Brookside Dairy — associated with the Kenyatta Family — has set aside Ksh1.6 billion ($19 million) to set up a drying facility, expected to be operational by the end of this year. Other processors are gearing up for expansion, betting that the milk industry will become more vibrant.

“We are investing in a UHT plant that should roll out its first packets by the end of this year,” said Mr Bundotich.

The ultra-heat-treatment (UHT) plant will cost Ksh133 million ($1.5 million), Mr Bundotich said without giving details on how the company raised the cash. UHT milk is sterilised by heating it at very temperatures to increase its shelf life.

However, he said, bank loans remained “very expensive” as a financing option.

Private equity investment in processors also remains low because there are only a few agriculture-focused funds, Joel Ssemukaaya, an associate at, Burbidge Capital, said.

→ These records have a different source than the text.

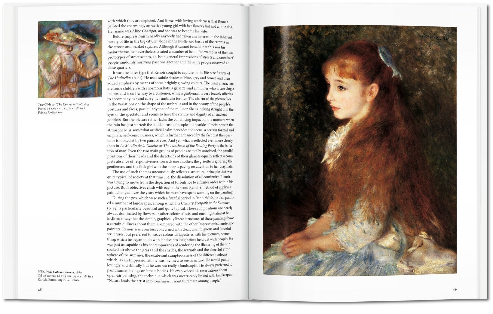 As his career progressed, Renoir investigated different styles and techniques, shifting away from the feathery Impressionist touch to a more robust, classical corporeality, sometimes called his "Ingres period," and later to monumental pieces such as The Bathers. From the abundant output of his lengthy career, this essential artist introduction selects key Renoir works to explore his innovations in the art of painting, as much as his traditions in pursuit of beauty, harmony, and the female form.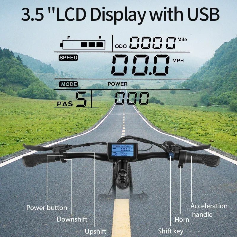 Equipped with LCD display, So You can check the riding data more conveniently, Such as speed, battery level, odometer and so on, You can also switch the pedal assist level according to road condition.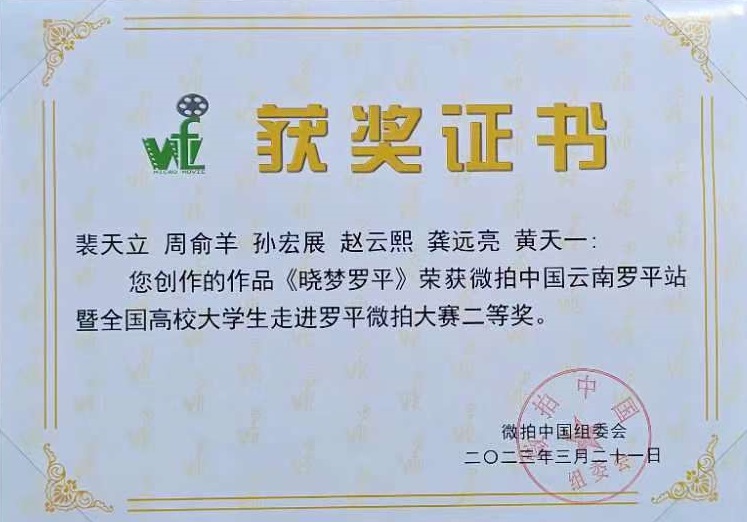 近日,在微拍中国云南罗平站暨全国高校老员工走进罗平微拍大赛中,VSport体育2022届广播电视编导专业员工裴天立、周俞羊、孙宏展、龚远亮获得大赛二等奖。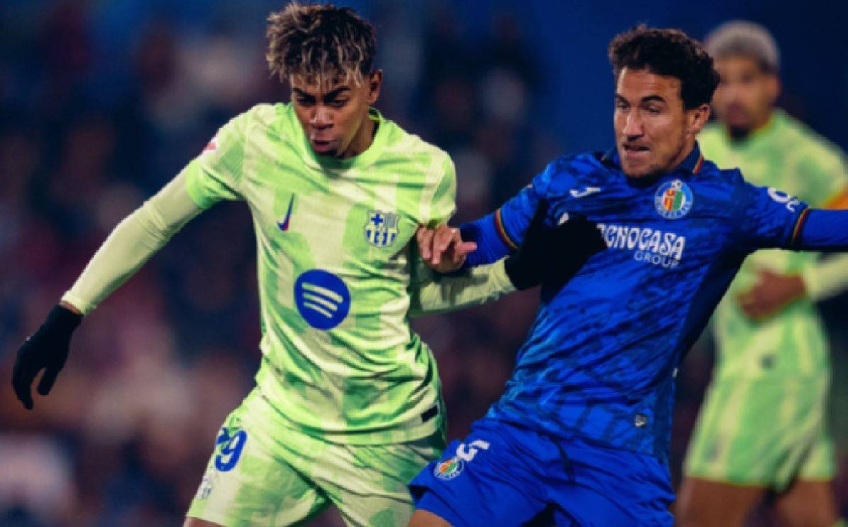وهيمن برشلونة على الكرة لكنه لم يتمكن من صناعة الفرص في ظل أداء قوي من خماسي خط دفاع خيتافي وغياب الأمين جمال عن أفضل مستوياته.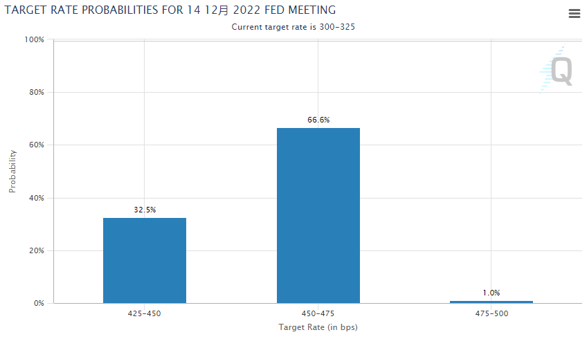 此前芝商所的“美联储观察工具”显示,利率在今年年底就有超三分之二的概率升到4.5%-4.75%的范围。

“Perhaps these dairy plants are in very early stages and or their organisational structures are not yet well developed for agriculture-focused PE firms to invest in,” he said.

Kenya has the biggest milk market in the region with Kenyans consuming almost three times as much milk per capita as other East Africans — on average, 139 of a Kenyan’s daily calories come from milk, contrasted with a regional average of just 50 kcal.

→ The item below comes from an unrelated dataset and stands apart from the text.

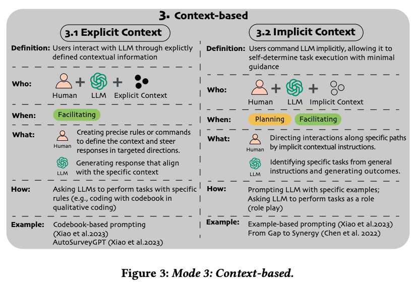 Gao, J., Gebreegziabher, S. A., Choo, K. T. W., Li, T. J.-J., Perrault, S. T., & Malone, T. W. (2024). A Taxonomy for Human-LLM Interaction Modes: An Initial Exploration. Extended Abstracts of the CHI Conference on Human Factors in Computing Systems, 1–11. https://doi.org/10.1145/3613905.3650786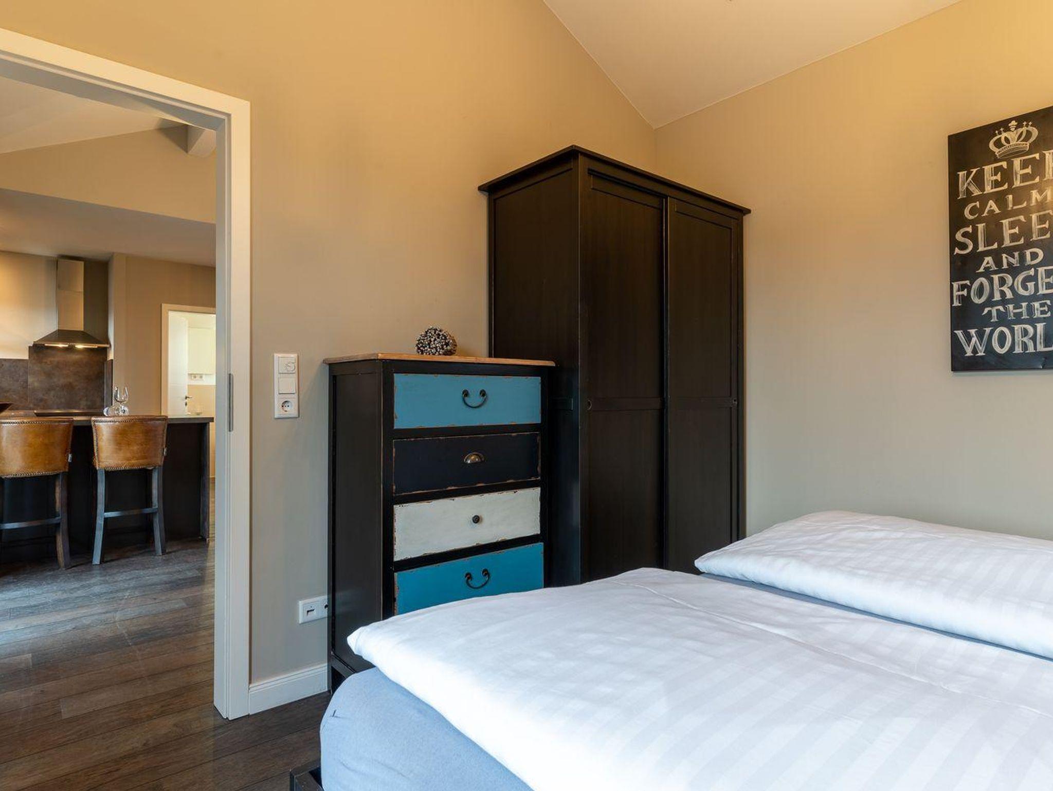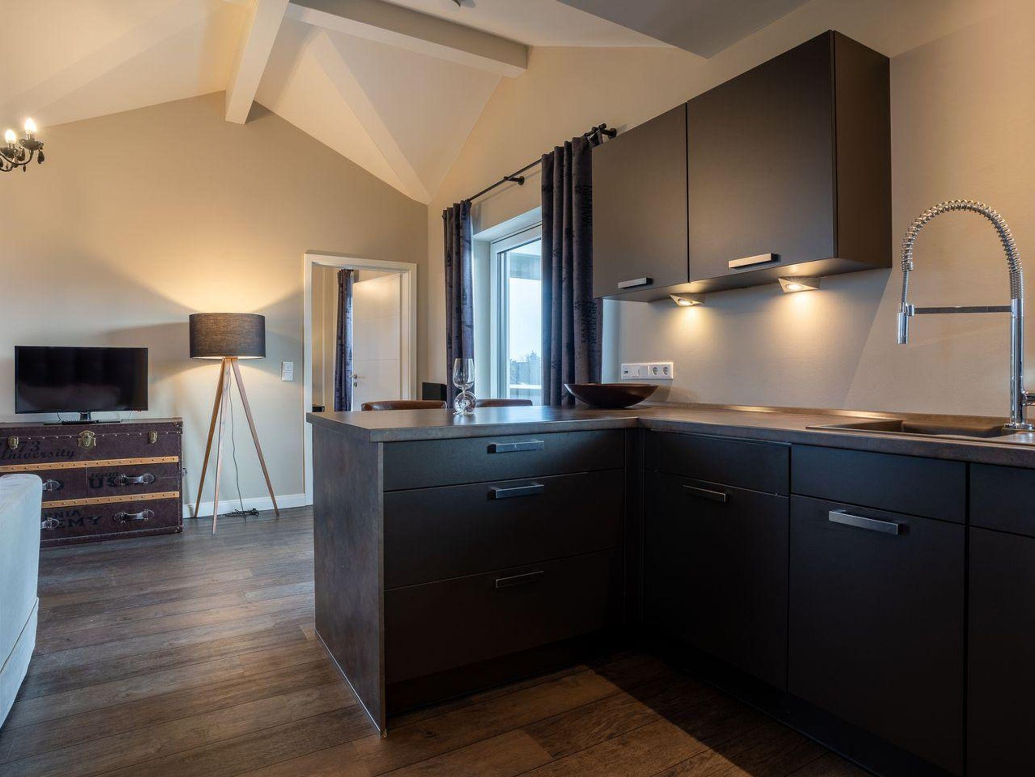Das Penthouse verfügt über ca. 50 m² Wohnfläche und ist sehr lichtdurchflutet. Ein gemütliches Wohnzimmer mit TV und offener Wohnküche laden zum Chillen ein. Die Küche ist mit hochwertigen Geräten voll ausgestattet. Das Duschbad ist großzügig gestaltet und bieten genügend Platz für Ihre Utensilien. Ein Schlafzimmer mit Doppelbett und offenem Fußende sorgt für ruhevolle Erholung.

Burundians get the lowest daily calories, at just 6 kcal per day. The figure is 25 kcal in Rwanda, 38 kcal in Tanzania and 42 kcal in Uganda.

Potential to backfire

But the drive to have more East Africans drink milk could backfire badly: Predominantly agricultural societies in East Africa have a high level of lactose intolerance — up to 90 per cent, according to a study published in research journal Nature Genetics.

Individuals who are lactose intolerant are unable to digest milk because they lack the enzyme lactase that breaks down lactose, the principal sugar in milk.

Such people experience symptoms like indigestion, stomach cramps, nausea, vomiting and diarrhoea, as well as aggravating conditions like eczema when they take milk.

“Lactose intolerance is fairly common,” says Kepha Nyanumba, a nutritionist in Nairobi. “Although milk is a good source of calcium, it’s not mandatory to consume milk to get calcium; the body is able to manufacture its own calcium by combining cholesterol and vitamin D in the presence of sunlight.”

Lactase persistence is common in pastoralist communities. A study by Dr Sarah Tishkoff of the University of Maryland sampled 43 ethnic groups from Kenya, Tanzania and Sudan; the frequency of lactase persistence was highest among the Beja pastoralist population from Sudan (88 per cent) and lowest in the Sandawe hunter-gatherer population from Tanzania (26 per cent).